I'm Briana Vannozzi.
Tonight we're bringing you a special edition of NJ Spotlight News showcasing our digital documentary series, 21, bringing you individuals from all over New Jersey who are changing the state for the better.
The series examines the simple question, does where you live in the state affect how you live?
21 profiled one person in each of our 21 counties and looked at the social determinants affecting that person's life.
In this Encore episode, we'll introduce you to several New Jerseyans who are going above and beyond in their communities.
First, meet Cookie Till.
For Cookie, all things revolve around food, and her team empowers underserved populations in Atlantic County food deserts with opportunities to work, learn, and truly appreciate the gifts of the Garden State.
I love this area.
I love living on the island.
Even after Sandy and my house got destroyed and my restaurant got flooded, I wasn't leaving.
So we've got peach, blueberry, egg pie.
That's what we should call it.
So many things you can do around food that really can make people's lives so much better.
I own Stephen Cookies Restaurant in Margate, New Jersey.
We're going into our 25th year.
I love to feed people and I love to see people happy.
This isn't just about feeding people that want organic and want to eat better, that have the means to do it.

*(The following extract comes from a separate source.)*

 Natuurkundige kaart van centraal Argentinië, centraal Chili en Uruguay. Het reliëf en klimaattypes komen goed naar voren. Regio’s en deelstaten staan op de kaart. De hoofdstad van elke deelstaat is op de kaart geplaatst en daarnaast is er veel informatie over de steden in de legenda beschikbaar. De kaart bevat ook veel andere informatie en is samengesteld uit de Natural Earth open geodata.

We really need to, as a community, as a society, work to educate people that just have no access to the food or any idea that what they're eating could be hurting their health.
This farm started as a dream about five years ago.

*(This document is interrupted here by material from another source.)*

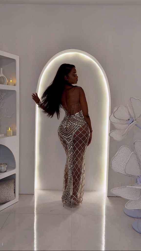 1. This dress is custom created from scratch. It is not Stocked. This gorgeous dress is guaranteed to leave eyes looking. Dripping in hundreds of hand laid crystals on stunning skin toned fabric. Glistens like a dream and hugs the body like a glove, material does not stretch but has a little give. What you see is what you get, please view my instagram to see this dress in action @kayturestylings...

I used to come out to the farm when it was Reed's Farm.
It was a family-owned farm for 75 years.
And every time I drive up here, I was just so blown away by the beauty of the place and just how close it was to the island.
March of 2020, that dream started to take form.
We were able to take this land over, 78 acres, and start building from there.
Just when things were starting to, you know, getting scary, three weeks later my restaurants closed, the whole world shut down.
And it was so therapeutic because I didn't know what to do with myself, but I could be out here.
And then, you know, it just became like, wow, this is what we need.
Like, we all need to know where our food comes from.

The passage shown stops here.